Christenen echter ’hebben volharding nodig, om, nadat zij de wil van God hebben gedaan, de vervulling van de belofte te mogen ontvangen’. Laten wij er daarom ernstig naar streven getrouw te zijn in onze dienst voor God — „niet . . . het soort dat terugdeinst, wat tot vernietiging leidt, maar . . . het soort dat geloof heeft, wat tot het in het leven behouden van de ziel leidt”. — Hebr. 10:36, 39, NW.
● Zullen de demonen na de oorlog van Armageddon met Satan de Duivel in de afgrond geworpen worden? Zullen zij ook te zamen met hem na de duizendjarige regering van Christus terugkomen en daarna met hem in het „meer van vuur en zwavel” geslingerd worden? — W. D.
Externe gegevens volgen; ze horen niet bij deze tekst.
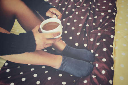 Woman legs in knee socks with notebook and cup of coffee on white bed at home
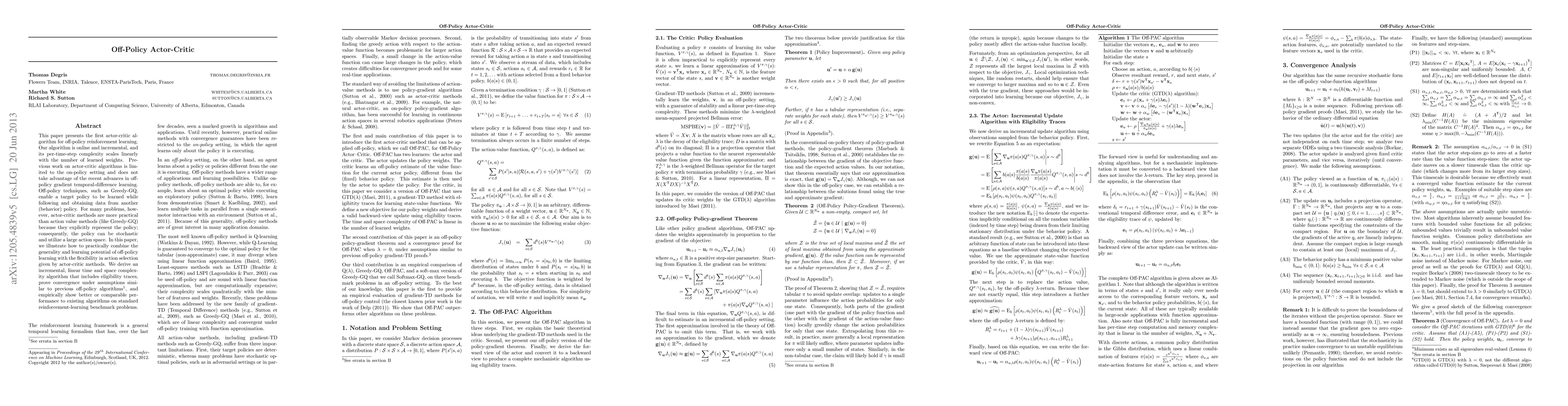 This paper presents the first actor-critic algorithm for off-policy reinforcement learning. Our algorithm is online and incremental, and its per-time-step complexity scales linearly with the number of learned weights. Previous work on actor-critic algorithms is limited to the on-policy setting and does not take advantage of the recent advances in off-policy gradient temporal-difference learning. Off-policy techniques, such as Greedy-GQ, enable a target policy to be learned while following and obtaining data from another (behavior) policy. For many problems, however, actor-critic methods are more practical than action value methods (like Greedy-GQ) because they explicitly represent the policy; consequently, the policy can be stochastic and utilize a large action space. In this paper, we illustrate how to practically combine the generality and learning potential of off-policy learning with the flexibility in action selection given by actor-critic methods. We derive an incremental, linear time and space complexity algorithm that includes eligibility traces, prove convergence under assumptions similar to previous off-policy algorithms, and empirically show better or comparable performance to existing algorithms on standard reinforcement-learning benchmark problems.
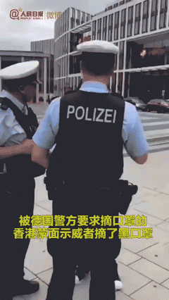 據報道,8月17日,有留學生和海外僑胞在德國科隆市自發舉行“愛國護港”集會,在現場,有帶着面罩的香港示威者,德國警察要求蒙面者摘除面罩。
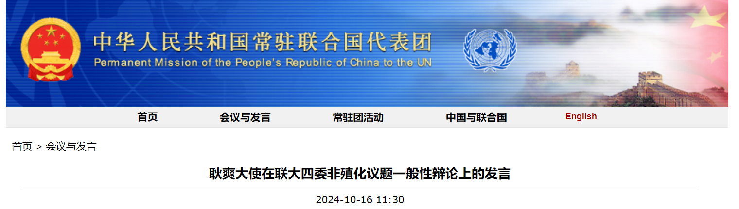 據中國常駐聯合國代表團網站消息,當地時間16日,耿爽大使在聯大四委非殖化議題一般性辯論上發言,全文如下:
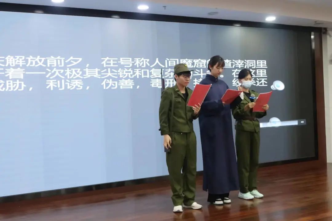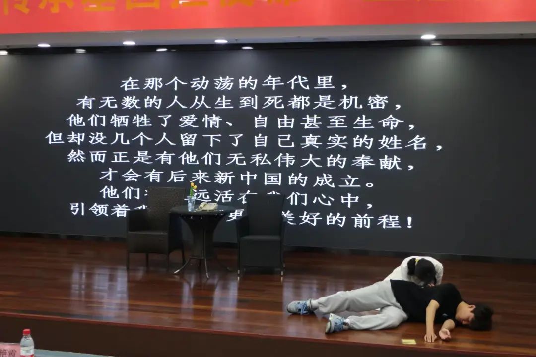 红色经典的音韵,仿佛还在我们耳边回响。红色经典的情怀,似乎还在我们⼼头荡漾。表演经典,让红色的精神在我们⾎脉中流淌,表演经典,让革命⽂化撑起我们⼈格的脊梁。相信此次红色情景剧活动的召开,使广大同学感受到了红色经典的魅力和舞台剧的乐趣,加深了对红色文化的理解,同时对中国共产党的历史及光辉伟绩也有了更加深入的了解。希望同学们在接下来的生活中继续弘扬党的优良作风,宣扬青年先锋在时代浪潮的拼搏精神,以蓬勃向上的精神面貌喜迎党的二十大召开。
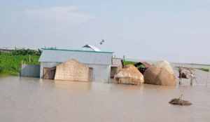 রাশিদুল ইসলাম, কুড়িগ্রাম : কুড়িগ্রামে নদ-নদীর পানি কমে বন্যা পরিস্থিতির উন্নতি হলেও বানভাসিদের বেড়েছে দুর্ভোগ। ১৫দিন থেকে প্রতিটি ঘর পানিবন্দি থাকায় সীমাহীন কষ্ট বেড়েছে তাদের। নিজেদের ঘরে থাকা চাল-ডাল ফুরিয়ে টানা সাত দিন থেকে ত্রাণের বিস্কুট, মুড়ি ও চিড়া খেয়ে দিনাতিপাত করছে এসব মানুষ। পানি দীর্ঘস্থায়ী হওয়ায় গবাদিপশু নিয়ে বিপাকে পড়েছে খামারিরা। দেড় হাজার পুকুর-খামারের মাছ ভেসে যাওয়ায় মৎস্য চাষীদের ক্ষতির পরিমাণ দাড়িয়ছে ২ কোটি ৬৮ লক্ষ টাকা। ১৫ হাজার ৮৫১ হেক্টর জমির ফসল এখন পানির নিচে। চরম মানবিক বিপর্যয়ে পতিত হয়েছে পানিবন্দি মানুষ।
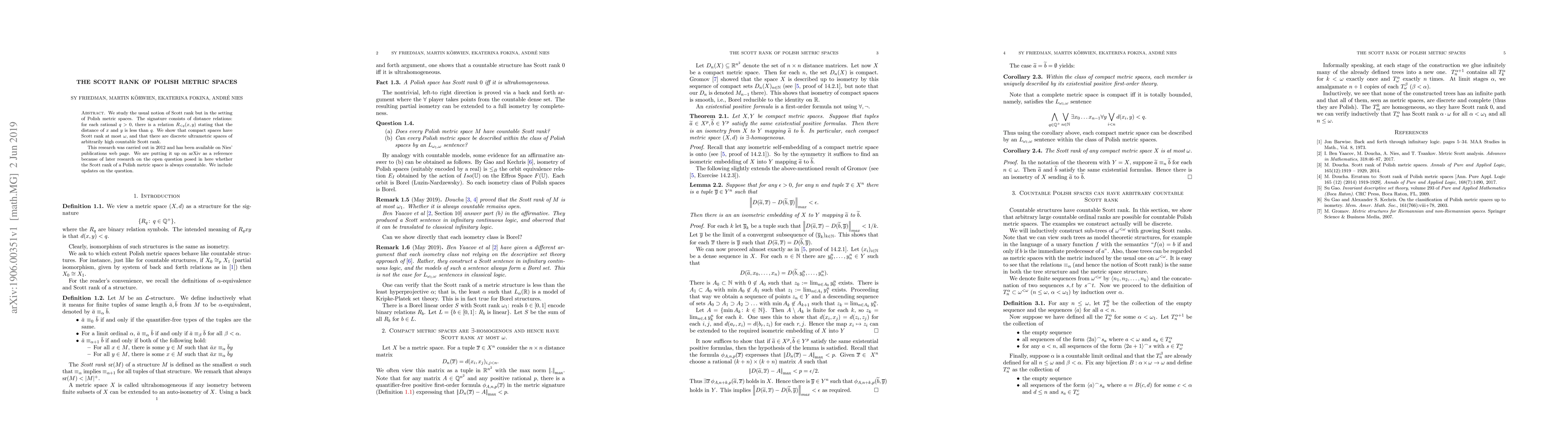 We study the usual notion of Scott rank but in the setting of Polish metric

In Openbaring 20:1-3 (NW) wordt nauwkeurig verklaard dat degene die als „de Duivel en Satan” bekendstaat, ’in de afgrond wordt geslingerd’, waar hij voor duizend jaren gebonden wordt; maar de demonen worden hier niet genoemd. Ook in 20 vers 7 en 10 wordt bericht dat, na de duizend jaren, Satan wordt losgelaten en later „in het meer van vuur en zwavel geslingerd” wordt; maar ook nu worden de demonen niet genoemd.
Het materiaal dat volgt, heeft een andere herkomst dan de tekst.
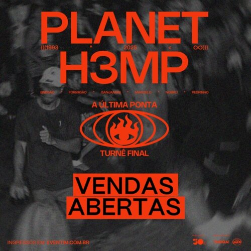 “O Planet Hemp vai acabar e precisava ser assim: com alto astral, entre amigos. Não é pra ficar de luto, vai ser uma comemoração de nossa história”. É dessa maneira que Marcelo D2, um dos fundadores do Planet Hemp, define a energia que os fãs podem esperar da turnê final do grupo, A Última Ponta. Com apresentações agendadas em Salvador, dia 13 de setembro, na Concha Acústica; em Recife, dia 20 de setembro, no Classic Hall; em Curitiba, dia 3 de outubro, na Live Curitiba; em Porto Alegre, dia 4 de outubro, na KTO Arena; em Florianópolis, dia 12 de outubro, no P12; em Goiânia, dia 17 de outubro, na Goiânia Arena; em Brasília, dia 18 de outubro, na Arena BRB; em Belo Horizonte, dia 31 de outubro, no BeFly Hall; no Rio de Janeiro, no dia 8 de novembro, na Farmasi Arena; e em São Paulo, no dia 15 de novembro, no Allianz Parque, a banda preparou um repertório extenso e inédito, além de contar com a participação especial de artistas que fizeram parte da trajetória do Planet. A Última Ponta é uma realização da 30e, maior companhia brasileira de entretenimento ao vivo, e a venda de ingressos nas 10 capitais começa a partir de meio-dia, no site da Eventim (acesse aqui), com exceção de Salvador, que terá entradas disponíveis via Sympla.
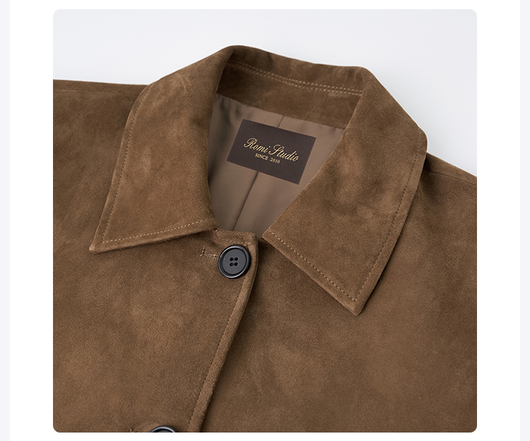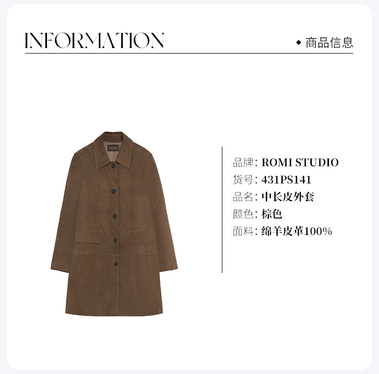 ROMI STUDIO“棕标甄选”进口绵羊皮绒面软糯翻领皮衣外套 431PS141

In andere delen van de bijbel worden echter meer bijzonderheden vermeld. Toen Jezus bijvoorbeeld bij een bepaalde gelegenheid met een door demonen bezeten man werd geconfronteerd, smeekten de demonen Jezus, daar zij op het punt stonden door hem te worden uitgedreven, hen niet op dat tijdstip in de afgrond te werpen. Het verslag luidt: „En zij [de demonen] bleven hem dringend verzoeken hun niet te bevelen de afgrond in te gaan” (Luk. 8:31, NW). Deze demonen wisten dus dat zij te zijner tijd in de afgrond geworpen zouden worden; dit was Gods oordeel over hen. Wij kunnen dus concluderen dat wanneer Openbaring 20:1-3 (NW) spreekt over het in de afgrond werpen van de grootste opstandeling en goddeloze geest, Satan, de demonen erbij inbegrepen moeten zijn. Klaarblijkelijk houdt het bericht over de nederlaag van de Duivel in dat degenen die onder hem dienen, ook verslagen zijn. Daarom worden zowel de Duivel als de demonen na de oorlog van Armageddon in de afgrond geslingerd.
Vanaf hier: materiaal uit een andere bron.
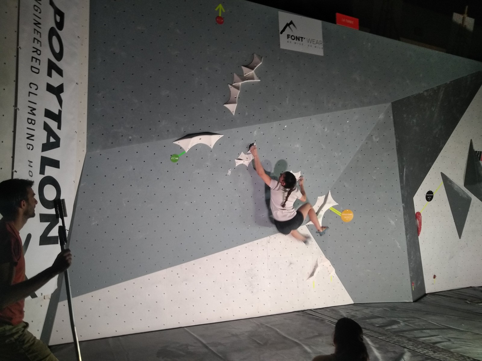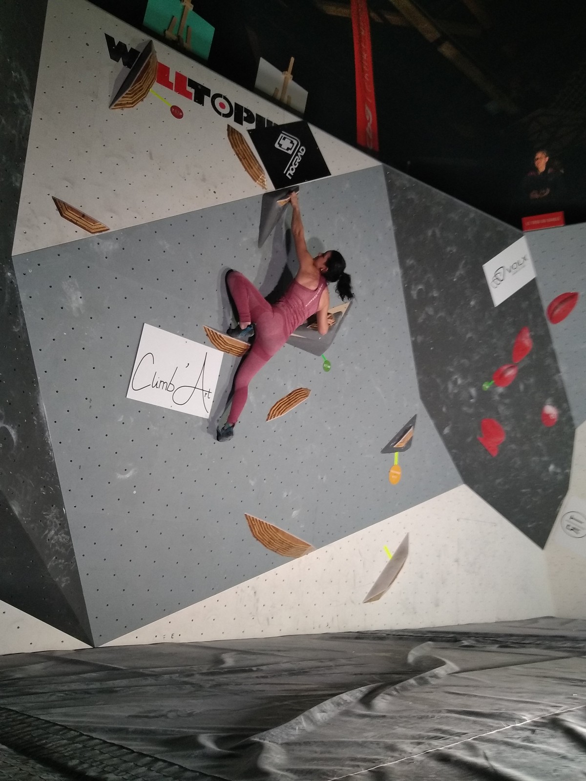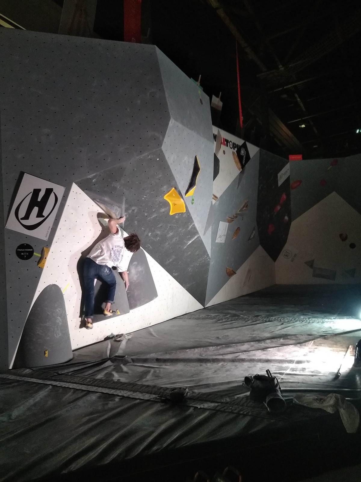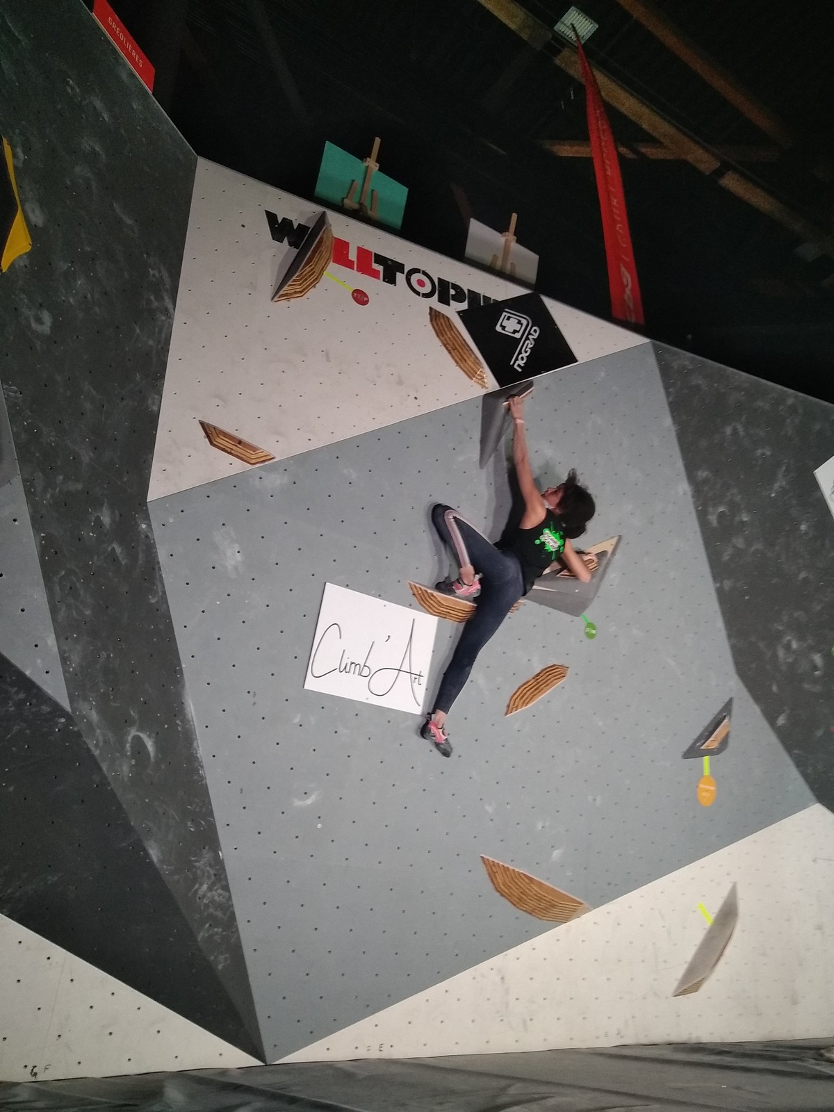 Sébastien lui a eu tout loisir de travailler la rési sur son temps libre ces dernières semaines, et malgré quelques accrocs à son programme d’entraînement et d’affûtage la veille de la compétition, il s’en sort plutôt très bien. Il a du mal à se lâcher sur ses 2 premières voies qu’il enchaîne, mais fait un très beau run dans la dernière voie, qui le propulsera à la 3ème place des qualifications, lui permettant d’accéder à la finale. En compétiteur né il optimise à fond le temps d’isolement et s’élance déterminé dans sa voie de finale bien rési. Il met un beau combat en enchaînant les mouvements jusqu’à un clipage en épaule qui aura raison de lui. Il conserve sa 3ème place, à pas grand chose de la 2ème, vive le régime tartiflette / picon bière !

Maar hoe weten wij of de demonen met Satan na de duizend jaren zullen terugkeren en dus aanwezig zullen zijn als hij in „het meer van vuur en zwavel” geslingerd wordt? Omdat Jezus zei dat zij dit einde met hem zouden delen. Hij sprak over het „eeuwige vuur dat voor de Duivel en zijn engelen is bereid” (Matth. 25:41, NW). Er wordt in de bijbel niet verklaard dat de demonen het eerst in het „meer van vuur” worden geslingerd en de Duivel duizend of meer jaren later volgt. Veeleer hebben wij gezien dat zij allemaal in de afgrond zullen worden gesloten. Klaarblijkelijk zullen zij te zamen uit de afgrond terugkomen en een aandeel hebben in het streven de mensheid in die tijd te misleiden, maar dan zullen de demonen, met de Duivel, „in het meer van vuur en zwavel geslingerd” worden, wat de „tweede dood” betekent. Aldus zullen zij allemaal voor eeuwig worden vernietigd.